* Work to be completed *
Write every line below out again exactly, images omitted.

[[ Data supplied, beginning ]]

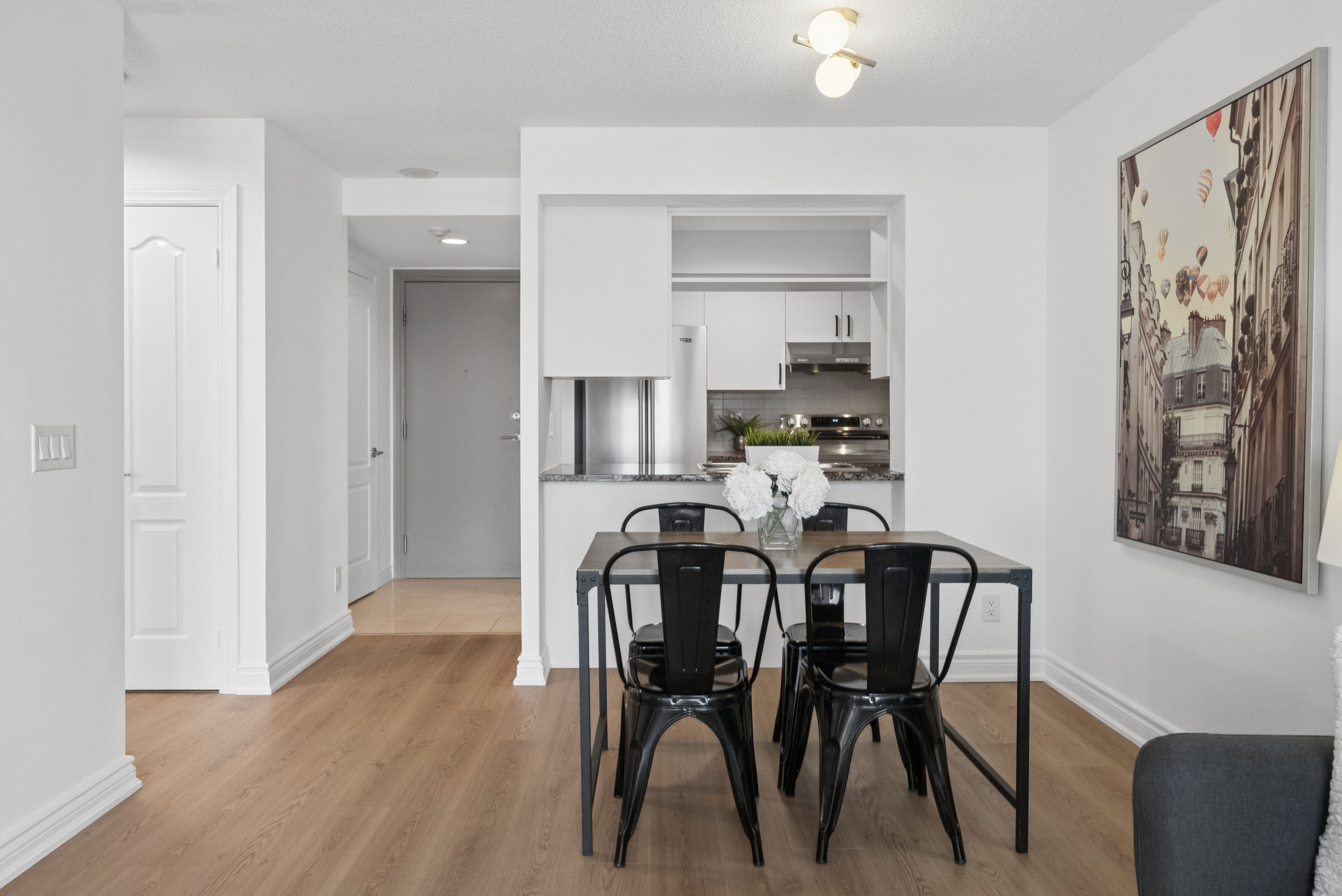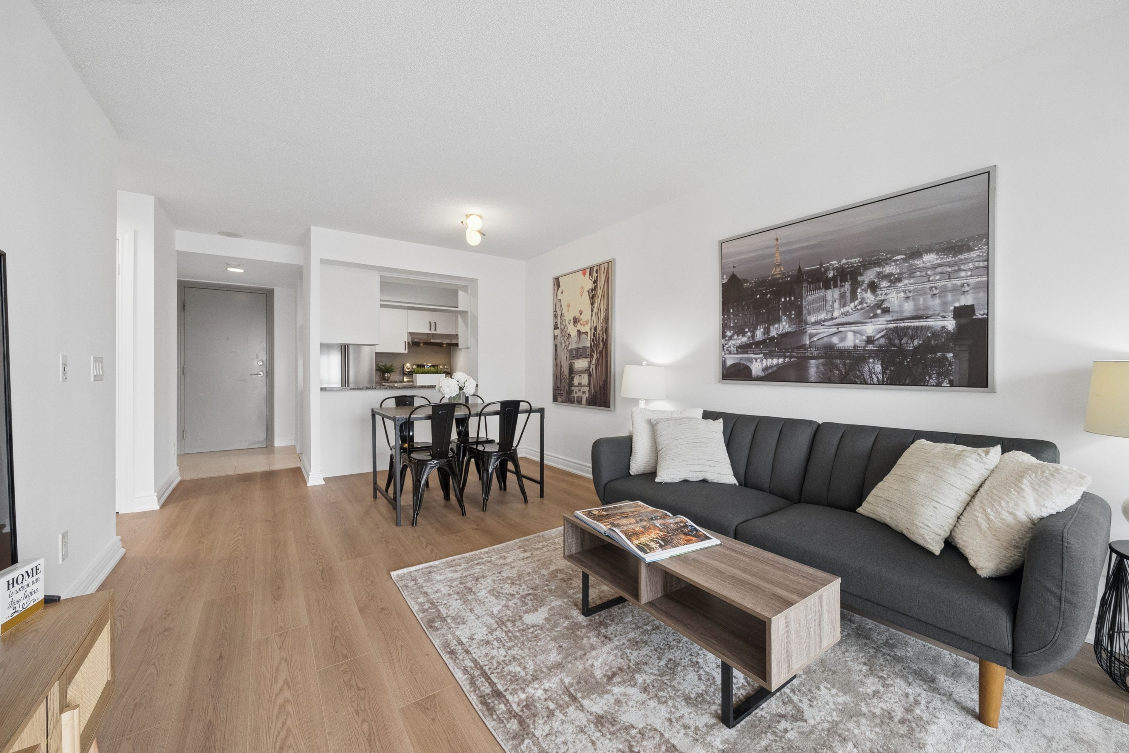 Welcome to eq1 condos, built by monarch group, a division of mattamy homes. This 650 sq ft 1 bedroom + den unit + a balcony is upgraded and move-in ready. Including laminate flooring, fresh paint, kitchen with granite countertops and stainless steel appliances, upgraded bathroom vanity and electric light fixtures. It's a functional layout with large principal rooms, great natural light and plenty of storage. The open concept living and dining room is ideal for day-to-day life and for entertaining. The solarium is a separate room that can make for a great home office or a guest room. You'll love living in a well-managed building with top-tier amenities including: 24-hour concierge and security, gym, exercise room, theatre, guest suites, and underground visitor parking. The location is exceptional for three key reasons: one: unrivalled connectivity: a 2 minute drive to the 401, a 2 minute walk to the ttc, a 10 minute drive to the go station. Two: ultimate convenience & entertainment: a variety of stores on the main floor of the building, a playground and an off leash dog area, a 4 minute walk to scarborough town center with an endless assortment of shops, restaurants, coffee shops, big box retailers and a movie theatre. Three: nature at your doorstep: experience the rare balance of urban living and tranquil greenery. You'll be just 2 minutes from the frank faubert woodlot and the hand of god dog park. For those who love the outdoors, the birkdale ravine is steps away, offering kilometres of scenic walking, biking, and cycling trails complete with covered picnic areas
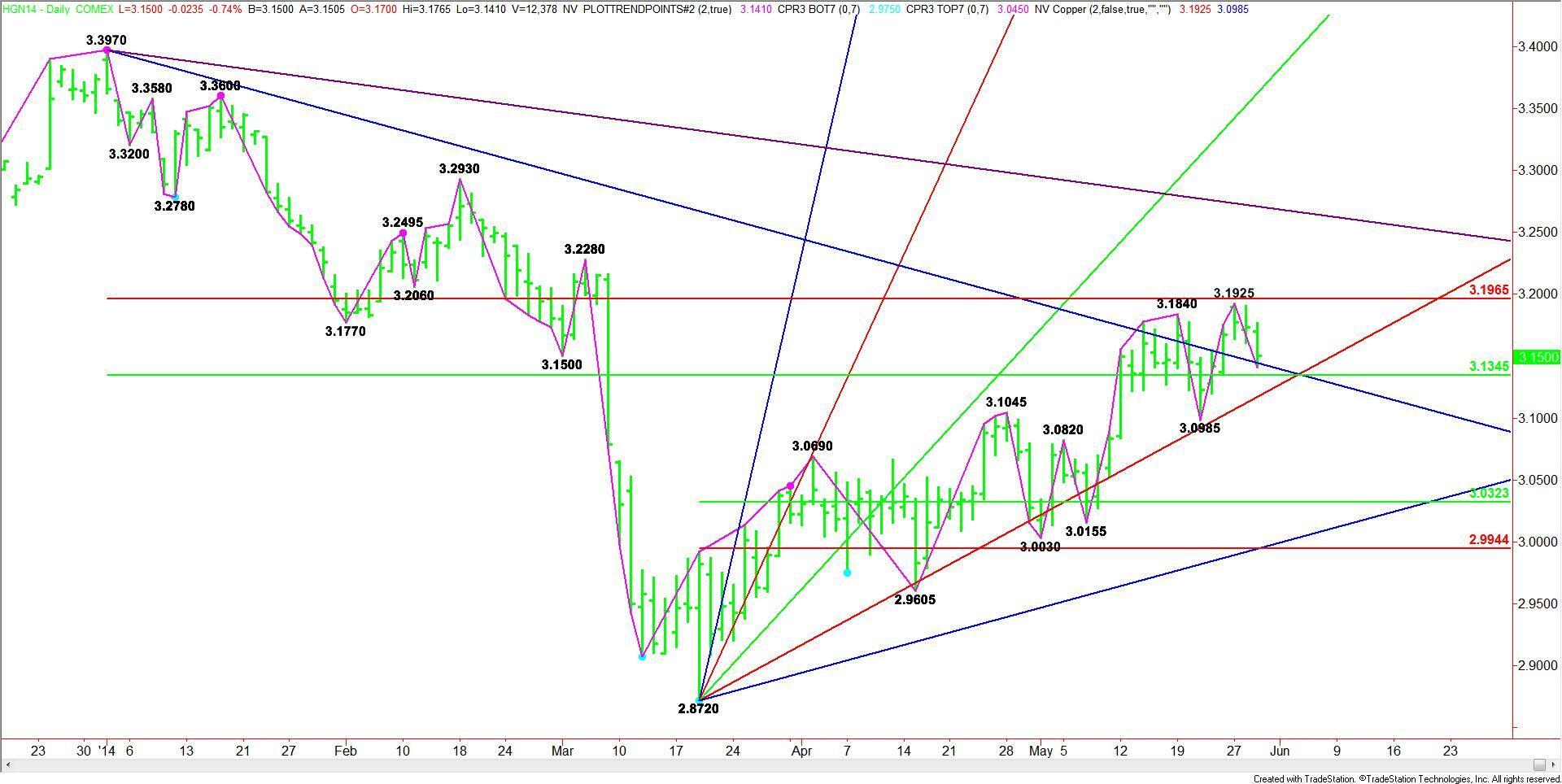 July Comex High Grade Copper futures traded lower in the pre-market session, making the high at 3.1925 a new main top. Combined with the previous main top
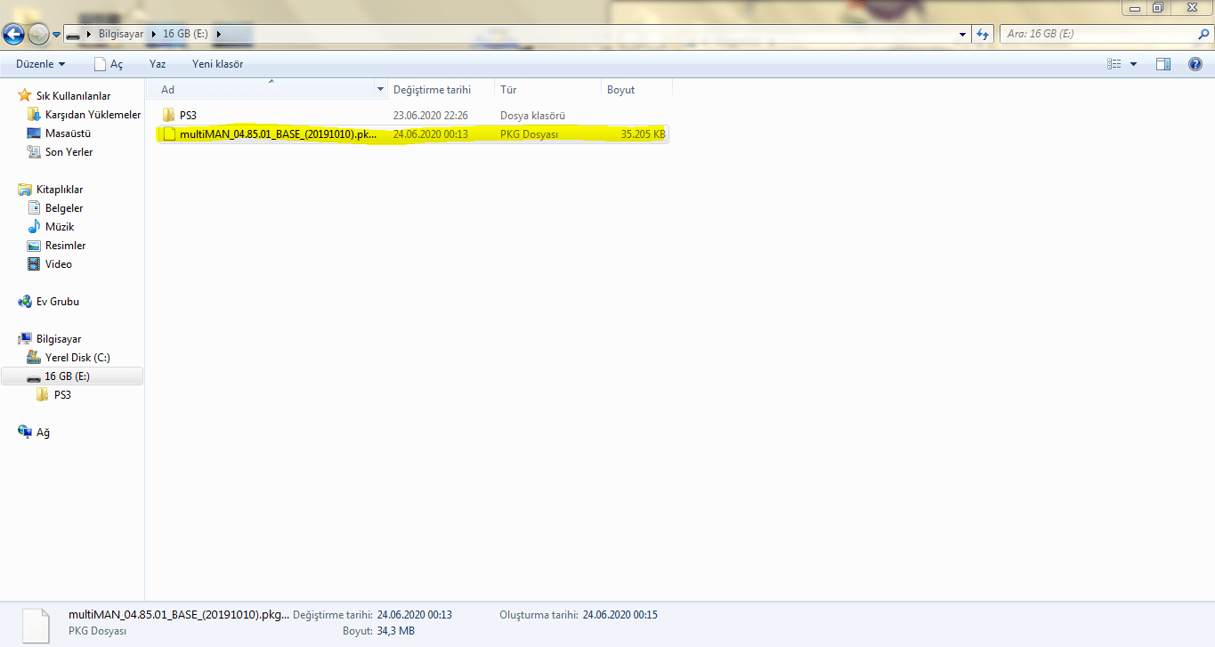 MultiMAN'ın en son sürümünü indirmek için tıklayın. flash belleğinizi bilgisayara takın. İndirdiğiniz pkg uzantılı dosyayı flash belleğin içine atın ve ardından bilgisayardan çıkarıp konsolun sağ portuna takın.
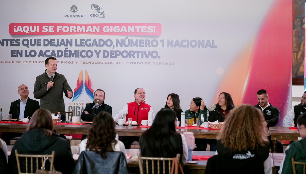 En un hecho histórico para la educación en Durango, el gobernador Esteban Villegas Villarreal reconoció a los alumnos del Colegio de Estudios Científicos y Tecnológicos del Estado de Durango (CECyTE) que posicionaron al estado en el primer lugar nacional en los ámbitos académico y deportivo 2025, resultado que refleja el respaldo del Gobierno del Estado y el acompañamiento permanente de madres y padres de familia.
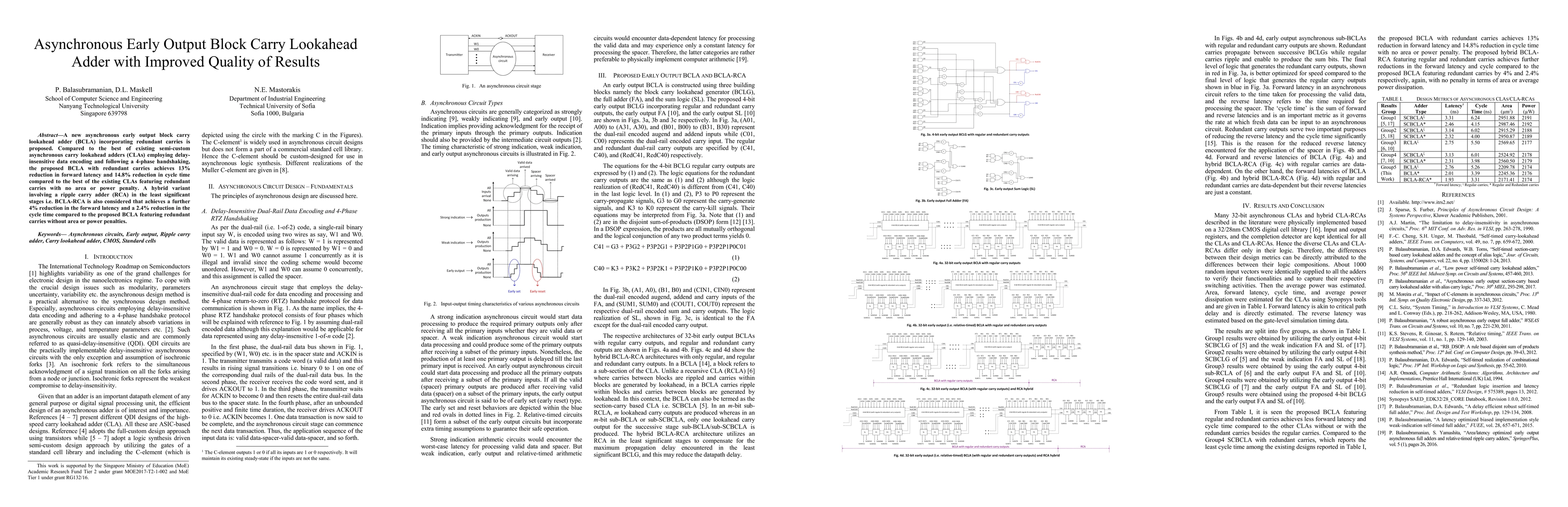 This paper proposes an asynchronous early output block carry lookahead adder with redundant carries, achieving a 13% reduction in forward latency and 14.8% reduction in cycle time compared to existing designs, with no area or power penalties. A hybrid variant combining with a ripple carry adder further reduces latency and cycle time by 4% and 2.4% respectively.

[[ Data supplied, end ]]

* Answer for the task *
 Welcome to eq1 condos, built by monarch group, a division of mattamy homes. This 650 sq ft 1 bedroom + den unit + a balcony is upgraded and move-in ready. Including laminate flooring, fresh paint, kitchen with granite countertops and stainless steel appliances, upgraded bathroom vanity and electric light fixtures. It's a functional layout with large principal rooms, great natural light and plenty of storage. The open concept living and dining room is ideal for day-to-day life and for entertaining. The solarium is a separate room that can make for a great home office or a guest room. You'll love living in a well-managed building with top-tier amenities including: 24-hour concierge and security, gym, exercise room, theatre, guest suites, and underground visitor parking. The location is exceptional for three key reasons: one: unrivalled connectivity: a 2 minute drive to the 401, a 2 minute walk to the ttc, a 10 minute drive to the go station. Two: ultimate convenience & entertainment: a variety of stores on the main floor of the building, a playground and an off leash dog area, a 4 minute walk to scarborough town center with an endless assortment of shops, restaurants, coffee shops, big box retailers and a movie theatre. Three: nature at your doorstep: experience the rare balance of urban living and tranquil greenery. You'll be just 2 minutes from the frank faubert woodlot and the hand of god dog park. For those who love the outdoors, the birkdale ravine is steps away, offering kilometres of scenic walking, biking, and cycling trails complete with covered picnic areas
 July Comex High Grade Copper futures traded lower in the pre-market session, making the high at 3.1925 a new main top. Combined with the previous main top
 MultiMAN'ın en son sürümünü indirmek için tıklayın. flash belleğinizi bilgisayara takın. İndirdiğiniz pkg uzantılı dosyayı flash belleğin içine atın ve ardından bilgisayardan çıkarıp konsolun sağ portuna takın.
 En un hecho histórico para la educación en Durango, el gobernador Esteban Villegas Villarreal reconoció a los alumnos del Colegio de Estudios Científicos y Tecnológicos del Estado de Durango (CECyTE) que posicionaron al estado en el primer lugar nacional en los ámbitos académico y deportivo 2025, resultado que refleja el respaldo del Gobierno del Estado y el acompañamiento permanente de madres y padres de familia.
 This paper proposes an asynchronous early output block carry lookahead adder with redundant carries, achieving a 13% reduction in forward latency and 14.8% reduction in cycle time compared to existing designs, with no area or power penalties. A hybrid variant combining with a ripple carry adder further reduces latency and cycle time by 4% and 2.4% respectively.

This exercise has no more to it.